(Records from a data source)
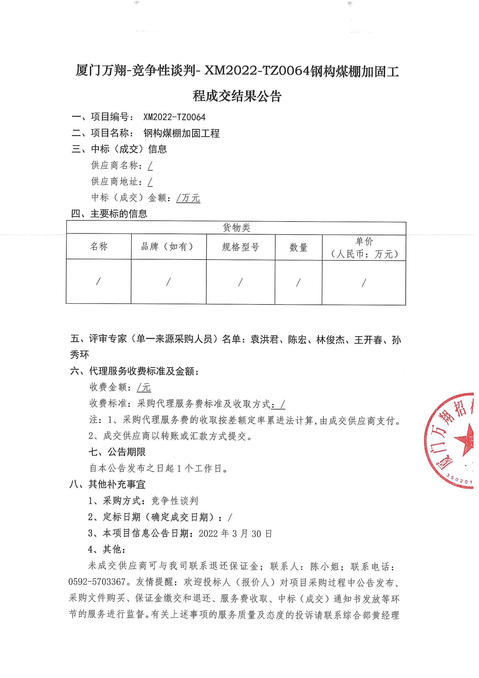 廈門萬翔-競(jìng)爭(zhēng)性談判-XM2022-TZ0064鋼構(gòu)煤棚加固工程成交結(jié)果公告
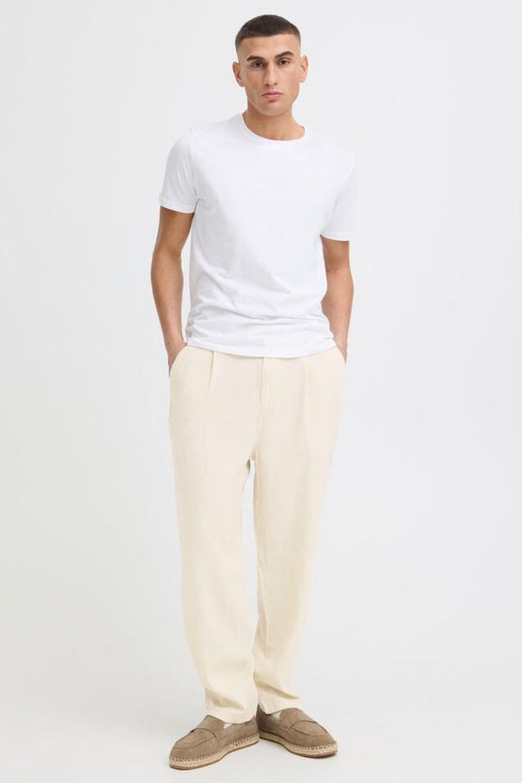 Spodnie o zwężanym kroju z zaszewkami wykonane z wysokiej jakości lnu, który doskonale łączy się z wiskozą, zapewniając wygodę i przewiewność. Model w naturalnym odcieniu płatków owsianych (Oatmeal) charakteryzuje się uniwersalnym i ponadczasowym stylem, idealnym na sezon NOOS dla mężczyzn. Produkowane w Bangladeszu, reprezentują klasę i prostotę w codziennej garderobie.
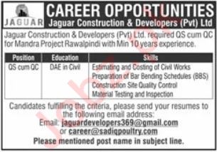 Jaguar Construction & Developer Pvt Ltd Mandra Rawalpindi, rawalpindi Punjab Pakistan invites applications from eligible candidates for the post of qs cum q as per advertisement of August 17, 2025 published in daily Jang Newspaper. Persons with DAE etc. education can apply.
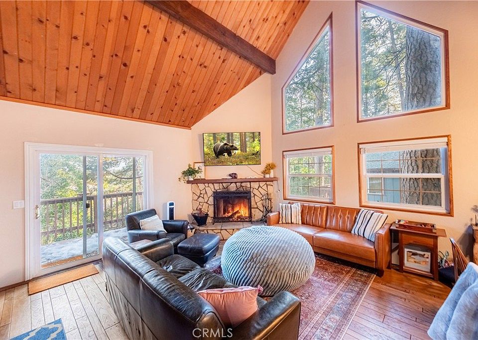 A full turnkey and approved short-term rental perched amidst the towering pines of Crestline, this enchanting three-story mountain home offers four bedrooms and two baths across 1,544 square feet, creating the perfect blend of family living and alpine getaway. Vaulted, cathedral-style ceilings and striking triangular windows fill the open great room with natural light while framing sweeping forest views, an ideal backdrop for cozy evenings by the fireplace or gatherings that flow out to the spacious balcony for dining and fresh mountain air. The open-concept main level features a well-appointed kitchen with granite countertops and stainless steel appliances, seamlessly connected to the dining and living areas for effortless entertaining. Bedrooms are thoughtfully arranged, with a main-level room offering balcony access and a one-and-three-quarter bath, a charming loft bedroom on the third floor with a private balcony and built-in storage, and two additional bedrooms on the lower level alongside a full bath and laundry hookups. Outside, a tiered wooded backyard provides ample space for pets or play, while parking for 3–5 vehicles makes hosting guests a breeze. Just minutes from Lake Gregory and Lake Arrowhead, and under an hour from Big Bear, this inviting retreat offers easy access to hiking, skiing, and year-round outdoor adventures—your perfect mountain sanctuary awaits.
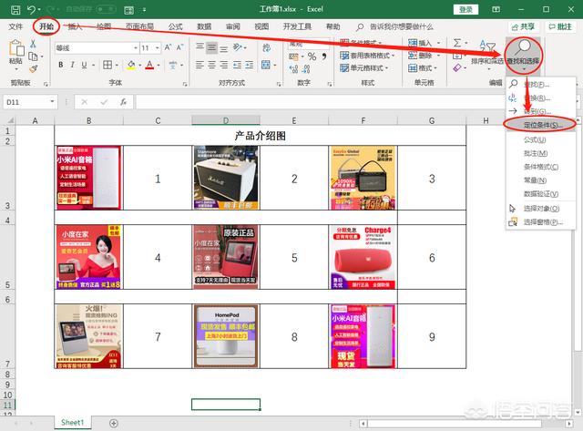 1、打开一份有很多图片的Excel表 — 点击菜单栏的“开始”选项卡 — 点击“编辑”组中的“查找和选择” — 在弹出的下拉菜单中点击“定位条件”(或直接按快捷键“Ctrl+G”)。
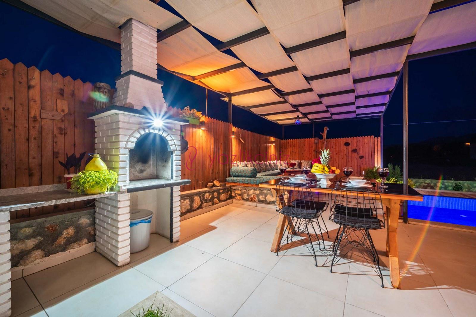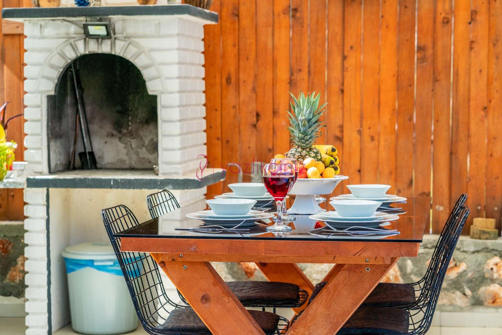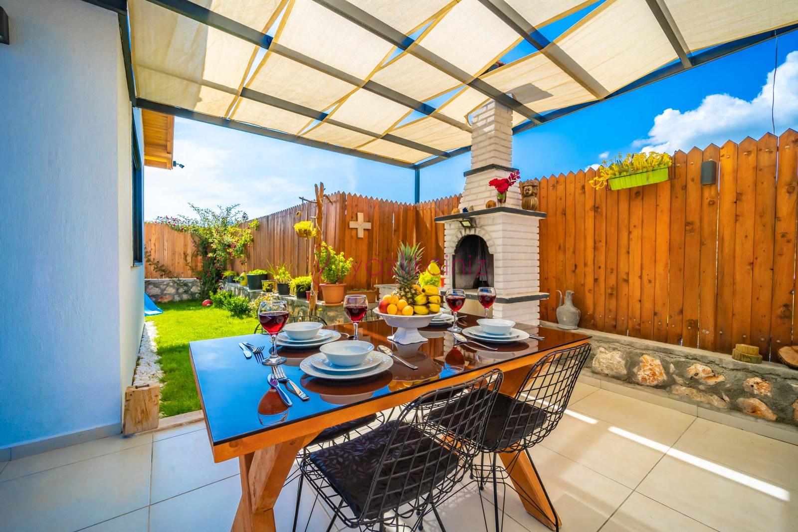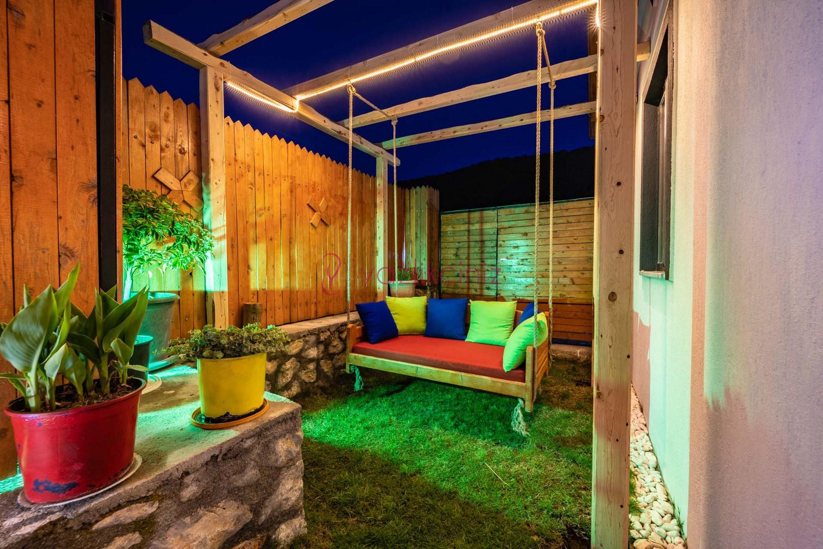 Havuz başında ve geniş bahçede, bahçe mobilyası, şezlong, şemsiye, masa, sandalye, barbekü, çocuk oyun alanı, salıncak, çardak bulunmaktadır.
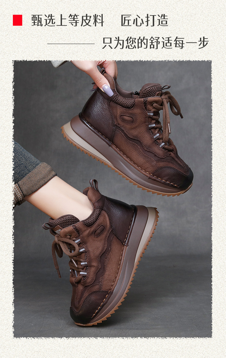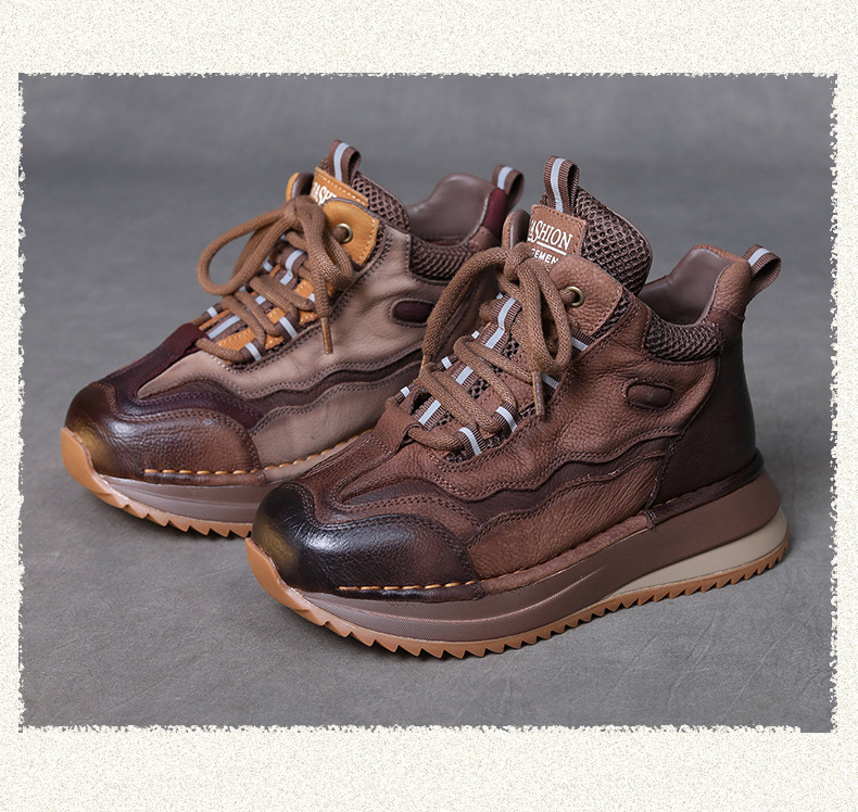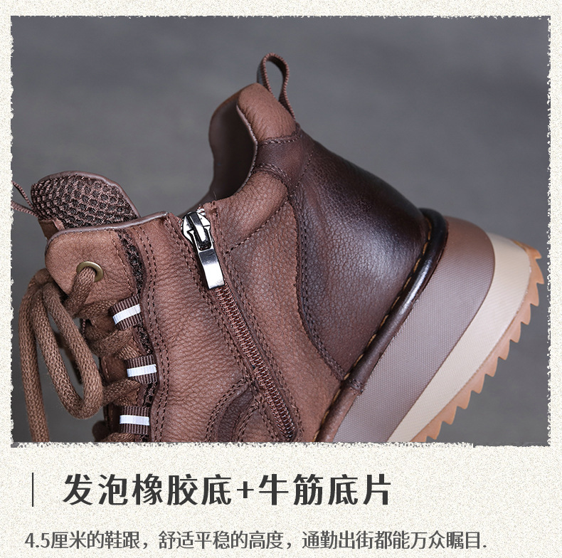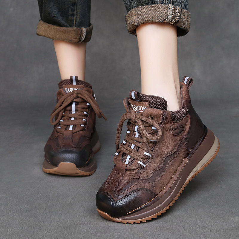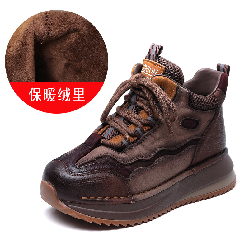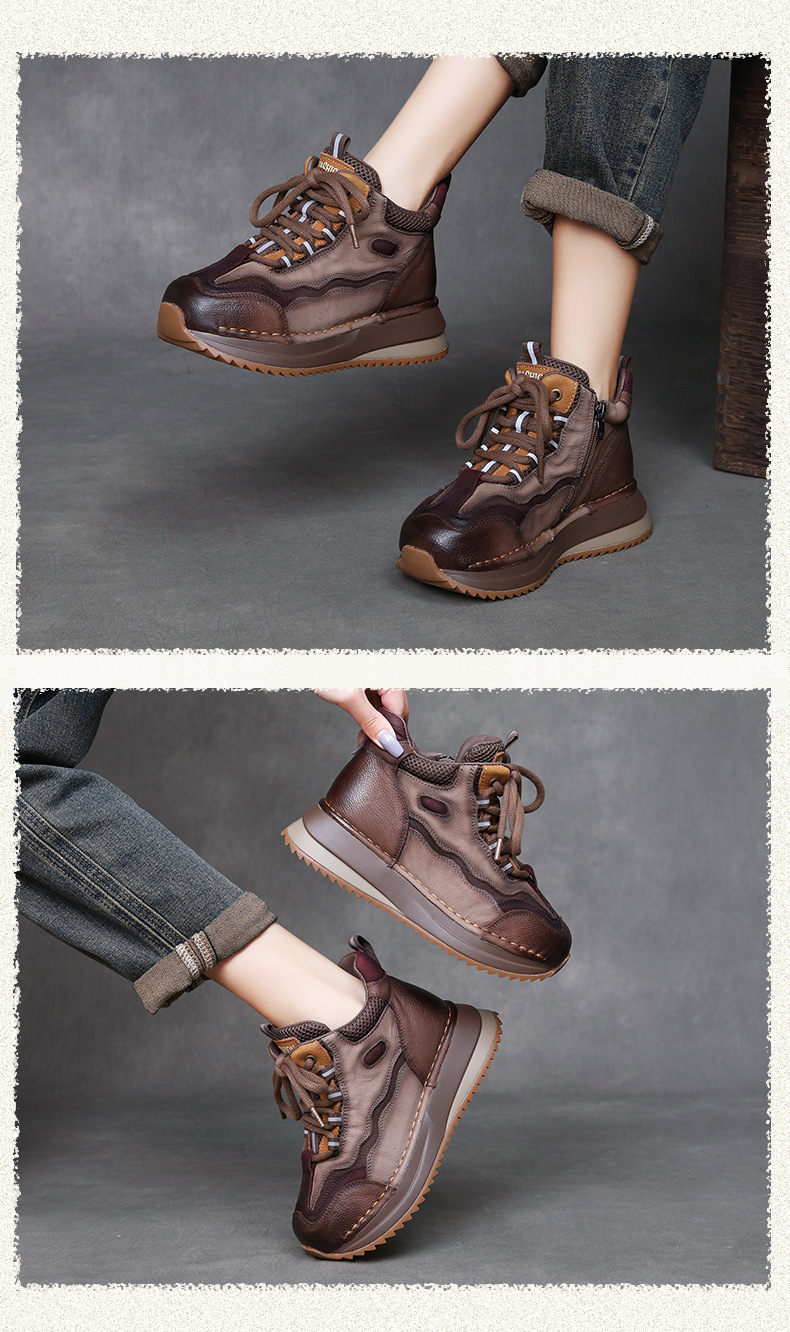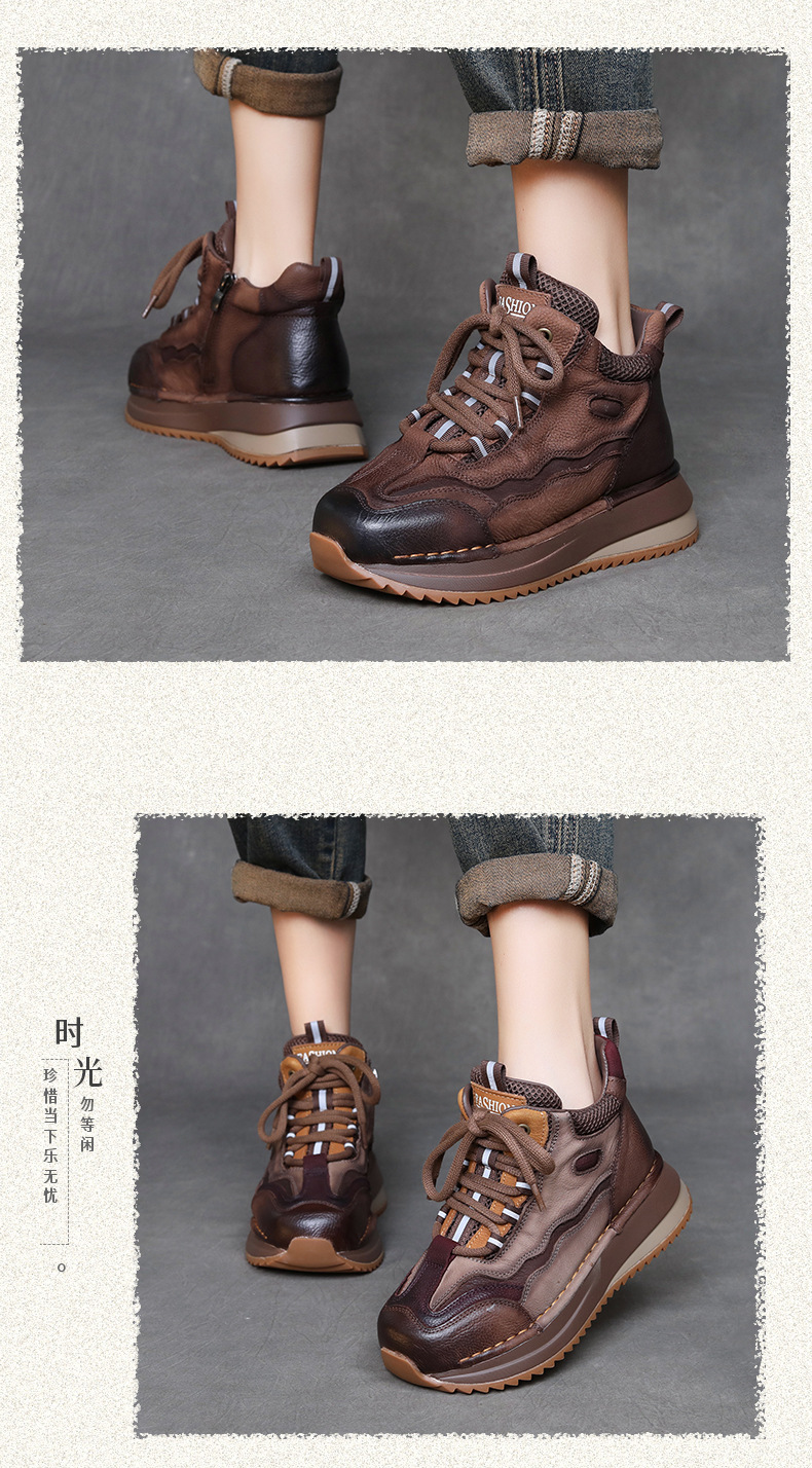 Женские повседневные туфли из натуральной кожи с толстой подошвой в стиле ретро, новая осенняя коллекция, универсальные высокие ботинки с цветовыми блоками, короткие сапоги на мягкой подошве

§ Task: Copy the data in full. No pictures belong in the copy.

§ Answer to this task:
 廈門萬翔-競(jìng)爭(zhēng)性談判-XM2022-TZ0064鋼構(gòu)煤棚加固工程成交結(jié)果公告
 Spodnie o zwężanym kroju z zaszewkami wykonane z wysokiej jakości lnu, który doskonale łączy się z wiskozą, zapewniając wygodę i przewiewność. Model w naturalnym odcieniu płatków owsianych (Oatmeal) charakteryzuje się uniwersalnym i ponadczasowym stylem, idealnym na sezon NOOS dla mężczyzn. Produkowane w Bangladeszu, reprezentują klasę i prostotę w codziennej garderobie.
 Jaguar Construction & Developer Pvt Ltd Mandra Rawalpindi, rawalpindi Punjab Pakistan invites applications from eligible candidates for the post of qs cum q as per advertisement of August 17, 2025 published in daily Jang Newspaper. Persons with DAE etc. education can apply.
 A full turnkey and approved short-term rental perched amidst the towering pines of Crestline, this enchanting three-story mountain home offers four bedrooms and two baths across 1,544 square feet, creating the perfect blend of family living and alpine getaway. Vaulted, cathedral-style ceilings and striking triangular windows fill the open great room with natural light while framing sweeping forest views, an ideal backdrop for cozy evenings by the fireplace or gatherings that flow out to the spacious balcony for dining and fresh mountain air. The open-concept main level features a well-appointed kitchen with granite countertops and stainless steel appliances, seamlessly connected to the dining and living areas for effortless entertaining. Bedrooms are thoughtfully arranged, with a main-level room offering balcony access and a one-and-three-quarter bath, a charming loft bedroom on the third floor with a private balcony and built-in storage, and two additional bedrooms on the lower level alongside a full bath and laundry hookups. Outside, a tiered wooded backyard provides ample space for pets or play, while parking for 3–5 vehicles makes hosting guests a breeze. Just minutes from Lake Gregory and Lake Arrowhead, and under an hour from Big Bear, this inviting retreat offers easy access to hiking, skiing, and year-round outdoor adventures—your perfect mountain sanctuary awaits.
 1、打开一份有很多图片的Excel表 — 点击菜单栏的“开始”选项卡 — 点击“编辑”组中的“查找和选择” — 在弹出的下拉菜单中点击“定位条件”(或直接按快捷键“Ctrl+G”)。
 Havuz başında ve geniş bahçede, bahçe mobilyası, şezlong, şemsiye, masa, sandalye, barbekü, çocuk oyun alanı, salıncak, çardak bulunmaktadır.
 Женские повседневные туфли из натуральной кожи с толстой подошвой в стиле ретро, новая осенняя коллекция, универсальные высокие ботинки с цветовыми блоками, короткие сапоги на мягкой подошве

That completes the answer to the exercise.